That's because the art history professor is probably the only person for miles who could sit behind the keyboard inside Shafer Tower and pound out a recognizable tune.

Rarick studied carillon performance at the University of Kansas while he worked toward his doctorate in art history.

"I was basically being something of an opportunist," he said. "They have a very good carillon program there, with a world-renowned instructor. I was never going to have that chance again."

A carillon, or a set of 23 or more cast-bronze bells, is the world's largest musical instrument  and the only one played exclusively outdoors to a public arena. With only 150 of the instruments in the United States, programs in their performance and jobs as professional carillonneurs are rare.

"It's a very peculiar instrument," he said. "The player is sitting indoors but the instrument is outdoors. Paradoxically, it's the most public and private of instruments, because you have the potential to reach a very large audience. But it's also the only performance where you don't see your audience. There's no feedback."

Unlike bells that swing back and forth and produce sound when the clapper hanging inside strikes the sides, carillon bells are stationary. The clappers are controlled through a mechanical process. Striking the keyboard---really a set of large wooden batons---pulls cables to set the clappers in motion.

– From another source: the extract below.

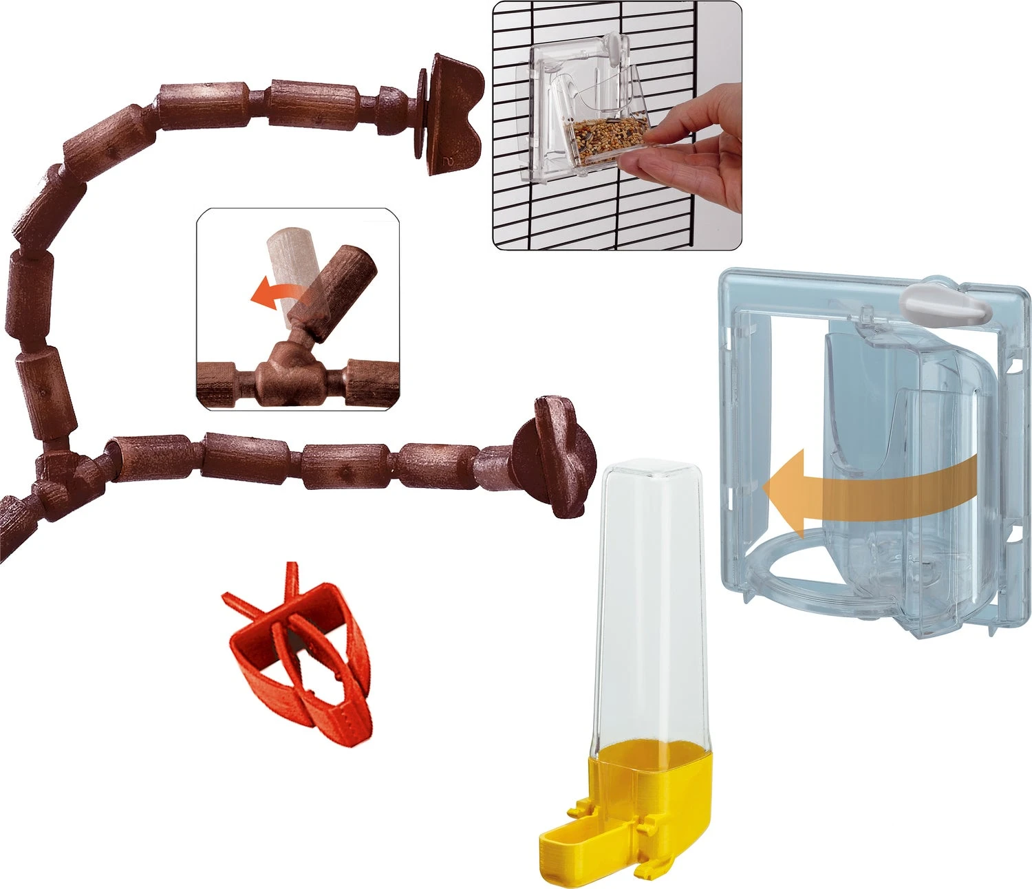 Binnenin vind je verwijderbare draaibare feeders, een drinkfles, een voedselclip voor groenten, evenals flexibele kunststof modulaire zitstokken die je grote vrijheid geven omdat je de vormen kan maken die jij verkiest.

One song could wear you out, Rarick said.

"The keyboard isn't like an organ keyboard. The keys are too big to use just your fingers," he said. "You play each note with your entire hand. You're using large muscles to play."

Carillonneurs must also use their feet to hit certain chords, Rarick said.

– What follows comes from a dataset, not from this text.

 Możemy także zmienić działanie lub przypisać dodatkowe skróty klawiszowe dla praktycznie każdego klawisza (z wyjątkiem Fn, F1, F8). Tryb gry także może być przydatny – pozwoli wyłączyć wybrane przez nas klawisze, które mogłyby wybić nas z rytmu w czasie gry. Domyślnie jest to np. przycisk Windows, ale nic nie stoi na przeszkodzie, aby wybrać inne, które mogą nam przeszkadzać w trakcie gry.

"It becomes very athletic. I've seen performers practically pulling themselves off the bench as they play," he said.

Some towers have showers near the playing cabin, Rarick said. Ball State did not include this feature.

Musically the instrument is very different from others in that it has an extraordinary range from loud to soft notes, depending upon how much force the carillonneur uses to play.

It also has a range in the response time from the clappers. Smaller or treble bells have small clappers about the size of golf balls, and larger or bass bells have massive clappers.

"There is a delay in the response of those clappers because the carillonneur has to use strength to get the motion started," Rarick explained. "You have to be able to anticipate that delay to make the sounds match up the way you want them to. It goes against all your instincts."

And there's so little privacy for mistakes.

Many carillons have practice keyboards on campus, as Ball State will. These instruments are similar to xylophones in size and sound.

"All that does is get your hands and feet in the right place," Rarick said. "For everyone there comes a time when the teacher says, ‘Well, are you ready to go upstairs?' Everyone's going to hear you. There's no such thing as keeping your secrets. This is not for the faint of heart."

Rarick, an occasional free-lance organist, studied the instrument for a year but does not consider himself a carillonneur.

Still, he can't wait to get his hands on Ball State's new carillon. The instrument, made of 48 French-made, custom-cast and individually-tuned bells, and the tower which will house it will be completed in spring of 2001. Rarick served on the project planning committee.

"Oh, yeah," he said. "It'll be fun. It's been years since I played, so I'm really rusty. Luckily, simple music sounds beautiful coming from a carillon."